Guedes insiste em desonerar a folha salarial dos empresários, e isso destruirá o INSS

A nova maracutaia de Paulo Guedes - Outras Palavras

Enquanto não destruir o que resta do INSS, Guedes não sossega

Guilherme Mazui
G1 — Brasília

O ministro da Economia, Paulo Guedes, afirmou nesta quarta-feira (23) que o país tem que desonerar a folha de pagamento das empresas e, para isso, precisa buscar “tributos alternativos”. Guedes e o líder do governo na Câmara, deputado Ricardo Barros (PP-PR), concederam entrevista após uma reunião das alas política e econômica do governo com o presidente Jair Bolsonaro para discutir a reforma tributária e um programa de transferência de renda.

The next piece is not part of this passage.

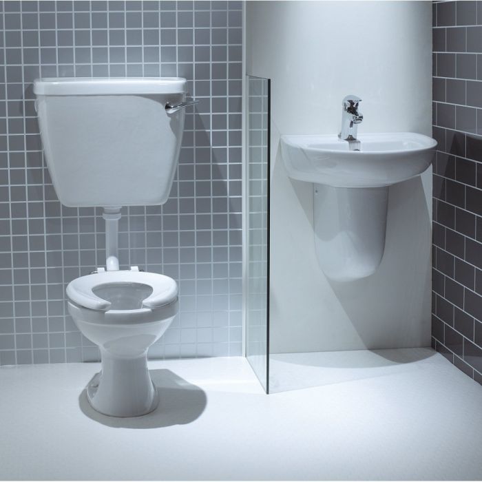 Designed for school and early year settings with high traffic environments. Includes low level lever cistern and heavy duty open ring toilet seat.
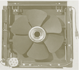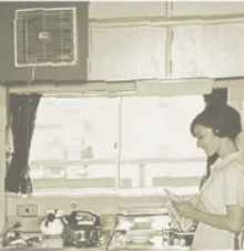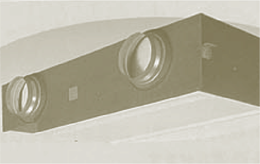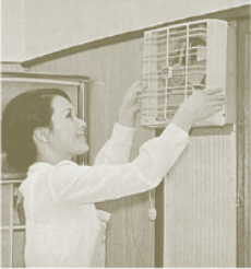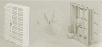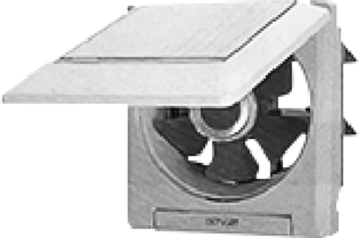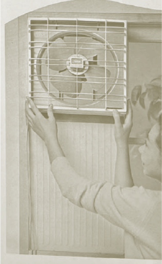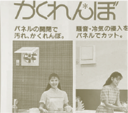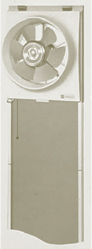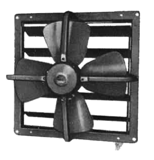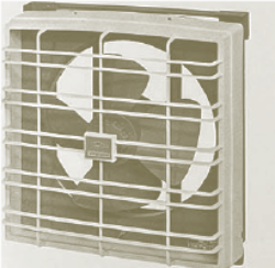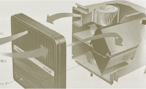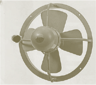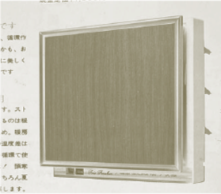 当時の製品は丸形の枠でシャッターはなく、現在の業務用換気扇によく似たものでした。

“Descobrimos 38 milhões de brasileiros, que eram os invisíveis. Temos que ajudar essa turma a ser reincorporada ao mercado de trabalho. Então, temos que desonerar a folha. Por isso que a gente precisa de tributos alternativos para desonerar a folha e ajudar a criar empregos”, disse o ministro.

TETO DE GASTOS – Barros afirmou que o governo mantém a defesa do teto de gastos e da responsabilidade fiscal. Segundo ele, os “tributos alternativos” não gerarão um aumento da carga tributária, mas sim um rearranjo no sistema de impostos.

“Reafirmamos nosso compromisso com o teto de gastos e o rigor fiscal. Nenhuma proposta que será encaminhada vai tratar dessa questão. Estamos buscando dentro do orçamento recursos para poder avançar nos programas e, se houver a necessidade, faremos uma substituição de tributação”, disse Barros.

“Esses pressupostos precisam ficar claros: não tem aumento de carga tributária, tem compromisso com teto de gastos e com rigor fiscal”, completou o líder do governo.

AUXÍLIO EMERGENCIAL – Guedes comentou também que o governo estuda fazer uma “aterrissagem suave” quando chegar ao fim o pagamento das parcelas do auxílio emergencial, previstas até o fim do ano.

A ideia, de acordo com o ministro, é manter a transferência de renda para setores mais vulneráveis da população.

“E, renda, a mesma coisa. Nós vimos a importância do auxílio emergencial, como isso ajudou a manter o Brasil respirando e atravessando essa onda da crise. Então, temos que também fazer uma aterrizagem suave do programa de auxílio emergencial”, concluiu Guedes.

PACTO E REFORMA – Barros informou que a reunião com Bolsonaro definiu que o governo, em diálogo com líderes partidários, vai definir ajustes na PEC do Pacto Federativo e no projeto de reforma tributária, ambos já em análise no Congresso.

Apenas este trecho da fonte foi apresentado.